South Africa

Africa, Maverick Life, South Africa

The Human Trafficking Act: Is it doing the job?

The Human Trafficking Act: Is it doing the job?

Two weeks ago, a 30-year-old Nigerian man was sentenced to 20 years behind bars for human trafficking in Gauteng – a first for the province under the new human trafficking act. Is the expanded legislation making its impact felt? Yes and no. By MARELISE VAN DER MERWE.

Judge Majake Mabesele, when sentencing Eke Ogochukwu, did not mince words. “What happened to her [the victim] was cruel, inhumane and degrading,” said Mabesele.

The victim was just 15 when Ogochukwu forced her into prostitution, making her take drugs so that she would become dependent on him. The girl eventually escaped and sought refuge at a nearby church, but not before she had been forced to have sex with up to six men a night for an extended period. Ogochukwu would charge R100 each time and pocket all but R50 he gave her for food. He was found guilty of four charges related to human trafficking.

Ogochukwu is not alone; nor is his sentence the heaviest South Africa has seen, despite stricter legislation being passed in 2013 (its implementation began late in 2015). In 2014, Lloyd Mabuza and Violet Chauke received eight life terms for holding five under-aged girls captive for three years. Chauke herself claimed to have been trafficked by her older sister Juliet. Mabuza regularly raped the girls at gun point after they had been lured by Violet’s sister with promises of work, better circumstances or in one case, a holiday. Refusal to comply with Mabuza resulted in threats of starvation. When the girls were eventually found by the SAPS in a remote compound in Renosterhoek, they were described as half-starved, unkempt and living in horrific conditions.

The good and bad news

Here’s the good news following the implementation of the new legislation: according to Major Carin Holmes, spokesperson for the Salvation Army’s Anti-Trafficking Unit, “we’re getting there”.

“It’s taking a while to get momentum going,” she told Daily Maverick. “But it’s better than it was.”

The Salvation Army doesn’t have capacity to set up safe houses for victims of human trafficking, so most often they function as a liaison – offering advice, contacting the authorities, and referring victims to the relevant NGOs. “We’ve got a helpline 24/7. People phone, tell us their story, and what we do depends on what’s on the other side,” explains Holmes. “We may refer it to our contacts in the Hawks, or if other assistance is needed, one of our officers or ministers attends to it, or we phone another NGO. We have a wide network.”

It’s a necessary network. “A lot of people are still uneducated,” she explains.

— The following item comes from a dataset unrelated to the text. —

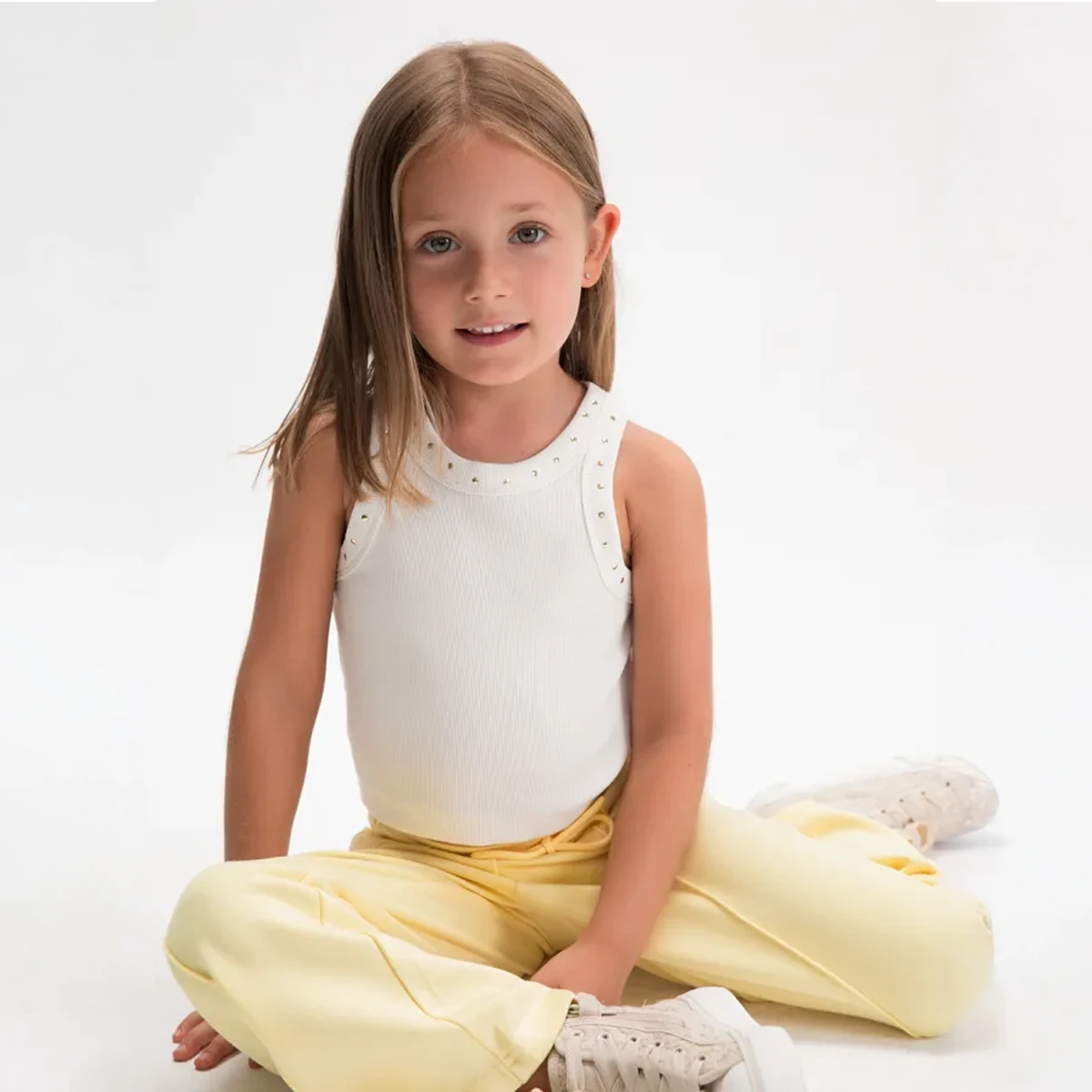 Add a touch of storybook magic to her summer wardrobe with this enchanting off-white tank top. Designed for little dreamers who love a hint of sparkle, it features shimmering metallic studs that catch the sunlight during garden explorations or seaside strolls. Crafted from a soft-touch ribbed cotton blend, this piece ensures she stays cosy and stylish throughout every enchanted chapter of her day.

This has a dual effect: not only is it easier for predators to take advantage of the vulnerable, but victims don’t always know where to turn, what to report, or what procedures to follow. 

Further complication: officials don’t always know, either. The implementation of the legislation is still a work in progress, and while government has been widely applauded for significant improvements to the previous legal framework, the reality is that most human trafficking crimes don’t screech into the police station wearing bells and a large banner. In one case documented by the US Human Trafficking report, a victim was jailed alongside the perpetrator because she was taken to be a sex worker. Often, says Holmes, victims are afraid to report the crime in case they are viewed as complicit – because of drug abuse, sex work, or being in the country illegally. 

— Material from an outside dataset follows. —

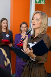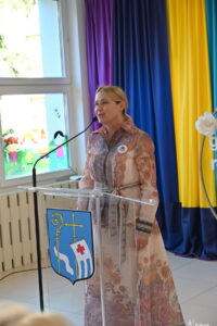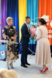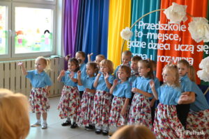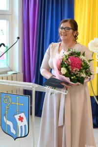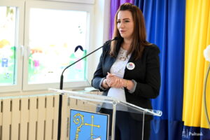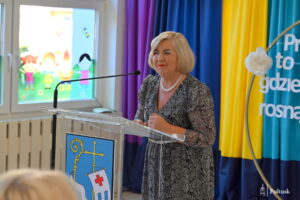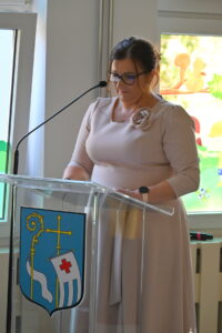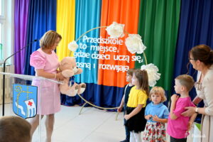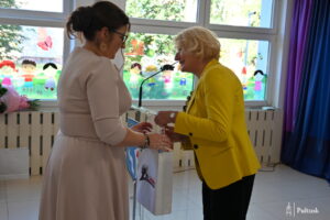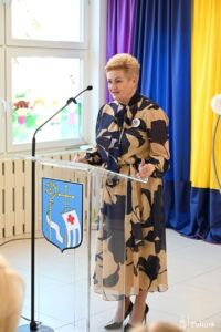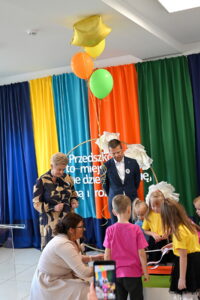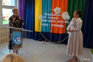 Nie zabrakło również części artystycznej – krótkiego programu przygotowanego przez przedszkolaków. Po występie przyszedł czas na gratulacje, życzenia i przekazanie upominków. W imieniu gospodarza uroczystości głos zabrała Katarzyna Przewłocka Dyrektor Przedszkola Miejskiego nr 5.

“A victim might be afraid to enter a police station in case he or she says ‘my passport or ID was stolen’ but they’re mistakenly held, or some such worry,” she explains.

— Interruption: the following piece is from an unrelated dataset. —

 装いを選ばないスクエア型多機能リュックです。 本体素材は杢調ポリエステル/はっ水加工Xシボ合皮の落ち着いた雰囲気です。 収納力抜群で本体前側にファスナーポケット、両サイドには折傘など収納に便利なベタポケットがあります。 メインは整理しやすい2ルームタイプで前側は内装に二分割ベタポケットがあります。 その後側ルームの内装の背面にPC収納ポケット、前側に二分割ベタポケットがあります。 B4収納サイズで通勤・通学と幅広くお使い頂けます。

This is where the US Trafficking in Persons report comes in: recommendations to South Africa include much more rigorous formal screening processes to supplement the improved legislation. The report cites cases where victims have been deported before the crimes could be investigated, others where perpetrators have been deported before facing charges, and other problems arising where officials simply did not recognise a possible human trafficking case. It suggests screening all potential deportees as possible victims of trafficking.

Further, the report emphasises the need to train all officers throughout all levels of law enforcement on the matter of human trafficking. The legislation already mandates the development of training modules for various government agencies, as well as awareness programmes for the general public, some of which have been rolled out already. The SAPS has a Human Trafficking Desk within its Organised Crime Unit as well, but, says Holmes, echoing the report, it’s crucial to ensure that such crimes are identified at the door.   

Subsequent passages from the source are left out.